MongoDB solves all these problems and many more. It is a delight to setup, it makes administrating it a simple and transparent job and the default configuration settings actually make sense. You can perform (hot) backups, you can have secondary indexes. From what I read, I wouldn't recommend MapReduce on MongoDB (JavaScript, 1 thread per node only), but you can use Hadoop for that.

And it is also VERY active when compared to HBase.

Also:
http://www.google.com/trends?q=HBase%2CMongoDB

Need I say more? :)

UPDATE: many months later I must say MongoDB delivered on all accounts and more. The only real downside is that hosting companies do not offer it the way they offer MySQL. ;)
It also looks like MapReduce is bound to become multi-threaded in 2.2. Still, I wouldn't use MR this way. YMMV.

絕版丫頭 2024-09-24 20:58:26

Cassandra 非常适合写入数据。它具有“写入永不失败”的优点。它不存在单点故障。

HBase非常适合数据处理。 HBase基于Hadoop文件系统(HDFS),因此HBase不需要担心数据复制、数据一致性。 HBase存在单点故障。我不太确定它有单点故障意味着什么,那么它在某种程度上类似于我们有单点故障的 RDBMS。我可能在意义上是错误的,因为我很新。

里亚克怎么样?有人有使用 RIAK 的经验吗?我红色了一些需要付费的地方,我不确定。需要解释。

当您只关心读取大量数据时,您会更喜欢使用另一件事。你对写作没有任何担忧。试想一下,您有 1 亿字节的数据库,并且想要快速搜索您更喜欢哪个 NOSQL 数据库?

Cassandra is good for writing the data. it has advantage of "writes never fail". It has no single point failure.

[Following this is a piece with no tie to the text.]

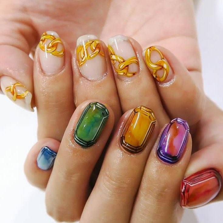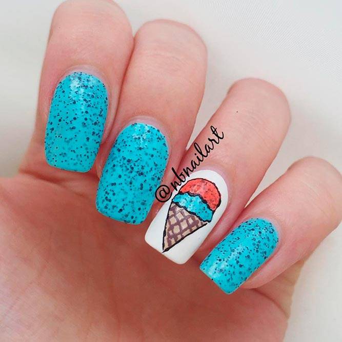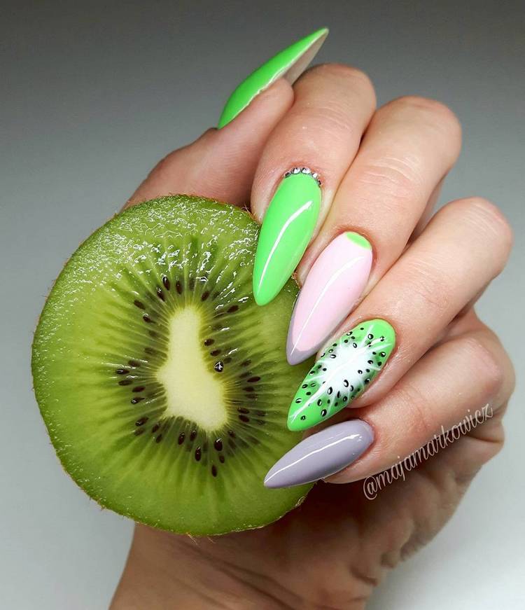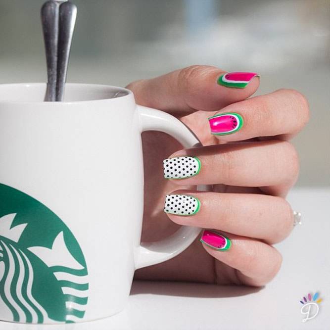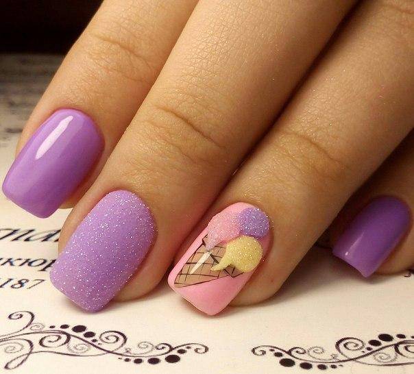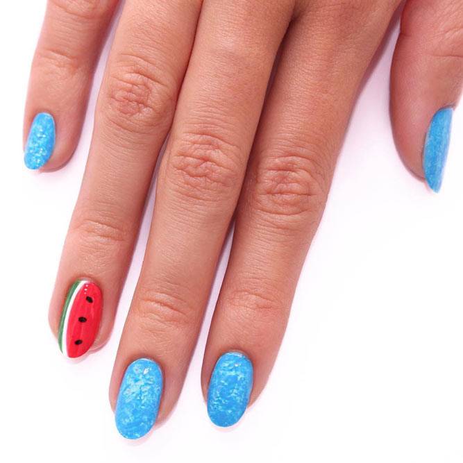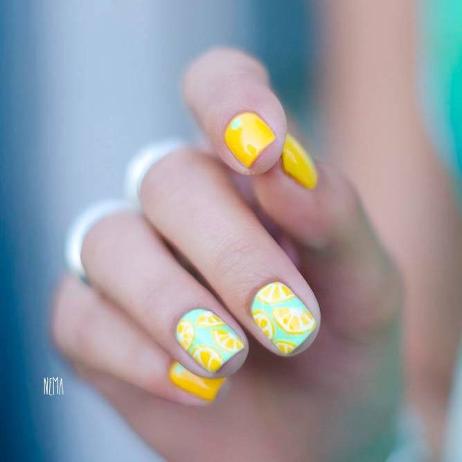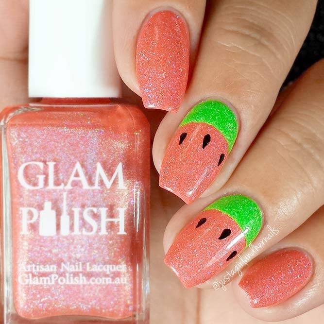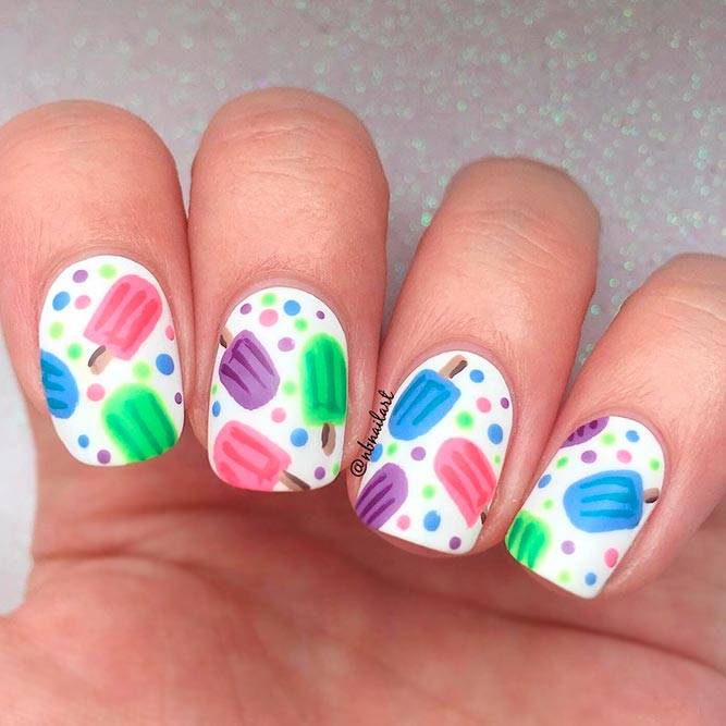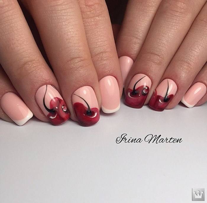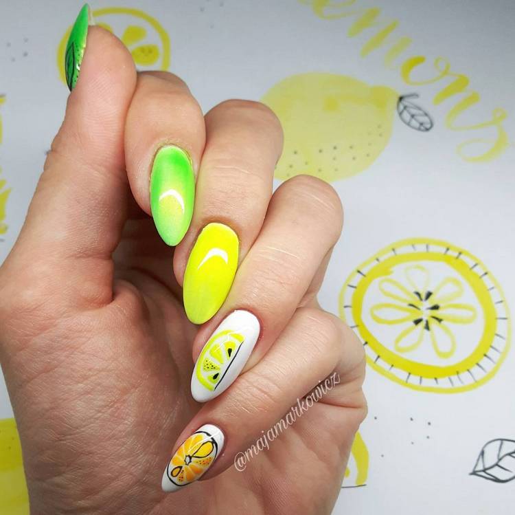 Літня пора багата на різні дари природи. Не дивно, що модний літній манікюр у цю пору року нерідко прикрашають різноманітні фрукти та ягоди. Насамперед це полуниця, вишня, малина, але не забуваємо також про соковиті цитрусові: лимон, апельсин, лайм. Літні нігті прекрасно підкреслюють малюнки солодощів: макарунів, морозива, шоколадного печива. Подібні ідеї мають дуже бешкетний вигляд і особливо припадуть до вподоби креативній молоді.

HBase is very good for data processing. HBase is based on Hadoop File System (HDFS) so HBase dosen't need to worry for data replication, data consistency. HBase has the single point of failure. I am not really sure that what does it's mean if it has single point of failure then it is somhow similar to RDBMS where we have single point of failure. I might be wrong in sense since I am quite new.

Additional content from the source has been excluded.